Menurutnya, tahap tersebut menunjukkan bahwa konstruksi perkara beserta alat bukti yang dikumpulkan penyidik telah memenuhi syarat untuk diuji dalam persidangan.
Jaksa Siapkan Dakwaan
Budi menjelaskan, jaksa penuntut umum memiliki waktu paling lama 14 hari untuk menyusun surat dakwaan.
Setelah proses tersebut selesai, berkas perkara akan dilimpahkan ke Pengadilan Tipikor agar dugaan tindak pidana yang disangkakan kepada Budiman dapat diperiksa secara terbuka di hadapan majelis hakim.
Ia menegaskan bahwa persidangan menjadi forum independen untuk menguji seluruh alat bukti, peran masing-masing terdakwa, serta pertanggungjawaban pidana sesuai ketentuan Kitab Undang-Undang Hukum Acara Pidana (KUHAP).
Berawal dari OTT KPK
Kasus ini bermula dari operasi tangkap tangan (OTT) yang dilakukan KPK di lingkungan Direktorat Jenderal Bea dan Cukai pada 4 Februari 2026.
Sehari kemudian, KPK menetapkan enam orang sebagai tersangka dalam perkara dugaan suap dan gratifikasi yang berkaitan dengan impor barang tiruan.
Mereka terdiri atas sejumlah pejabat Bea Cukai dan pihak swasta, yakni Rizal (RZL), Sisprian Subiaksono (SIS), Orlando Hamonangan (ORL), pemilik Blueray Cargo John Field (JF), Ketua Tim Dokumentasi Importasi Blueray Cargo Andri (AND), serta Manajer Operasional Blueray Cargo Dedy Kurniawan (DK).
Selanjutnya, pada 26 Februari 2026, KPK kembali menetapkan Budiman Bayu Prasojo yang saat itu menjabat Kepala Seksi Intelijen Cukai Direktorat Penindakan dan Penyidikan Bea Cukai sebagai tersangka.
Nama Dirjen Bea Cukai Muncul dalam Persidangan
Perkembangan lain dalam perkara ini muncul saat sidang tiga terdakwa dari pihak swasta yang dimulai pada 6 Mei 2026.
Dalam surat dakwaan jaksa, nama Direktur Jenderal Bea dan Cukai Djaka Budi Utama disebut pernah menghadiri pertemuan dengan sejumlah pengusaha kargo pada Juli 2025 bersama beberapa pejabat Bea Cukai lainnya.
Selanjutnya, pada persidangan 20 Mei 2026, jaksa menyampaikan dugaan bahwa Djaka Budi menerima suap sebesar 213.600 dolar Singapura.
Kemudian, dalam sidang pada 12 Juni 2026, terdakwa John Field mengaku telah menyerahkan uang hingga Rp21 miliar kepada Djaka Budi.
Pada persidangan yang sama, jaksa juga membacakan berita acara pemeriksaan (BAP) Andri yang berisi keterangan bahwa dirinya pernah diperintahkan John Field menyerahkan uang kepada sejumlah pejabat di lembaga lain.

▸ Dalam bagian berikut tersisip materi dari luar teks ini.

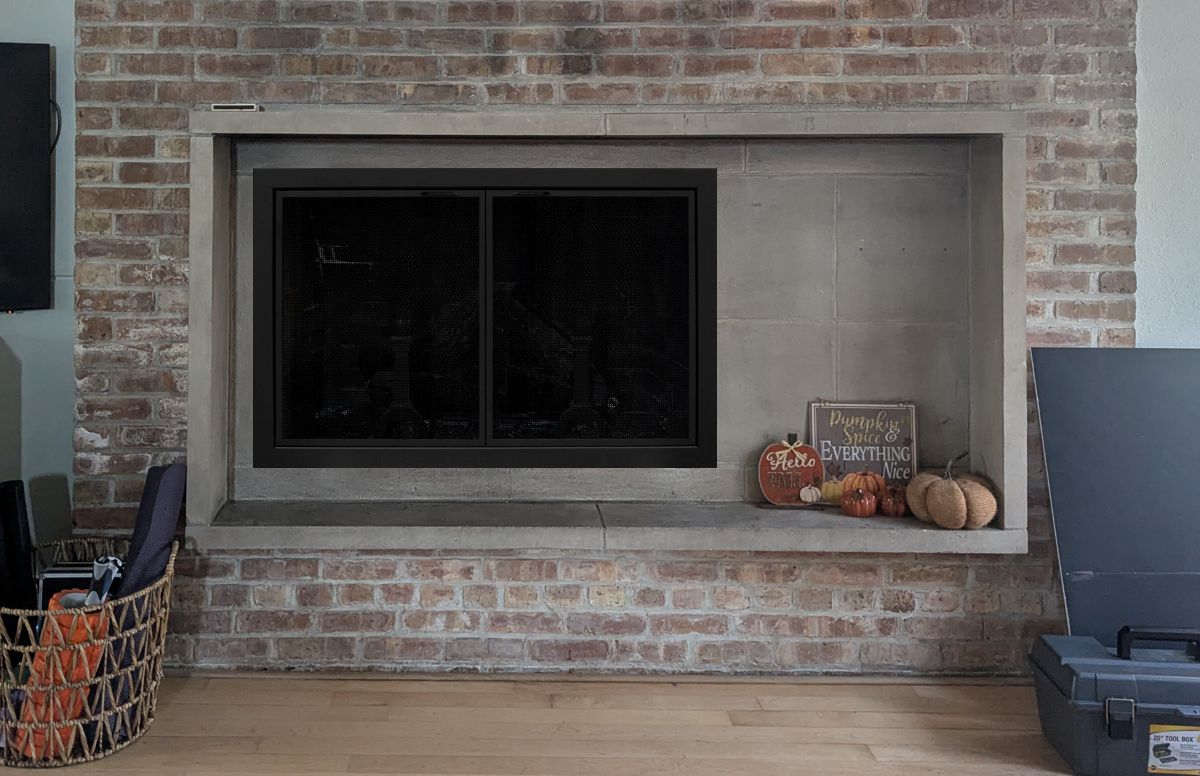 Scale & Finish Disclaimer: Mockups shown on this site are not necessarily to scale and are meant to help you choose the style of your screen or door. The appearance of finishes represented may vary between digital monitors and screens. I do my best to recommend finishes that I believe will blend with your decor and flatter your fireplace. You can view finish options here:

Namun demikian, seluruh keterangan yang muncul dalam dakwaan maupun persidangan masih merupakan bagian dari proses pembuktian di pengadilan. Penilaian mengenai benar atau tidaknya tuduhan tersebut akan ditentukan melalui putusan hakim yang telah berkekuatan hukum tetap.
Dengan pelimpahan berkas Budiman Bayu Prasojo kepada jaksa, seluruh tersangka yang ditangani KPK dalam perkara ini kini telah memasuki tahapan penuntutan atau telah lebih dahulu menjalani proses persidangan.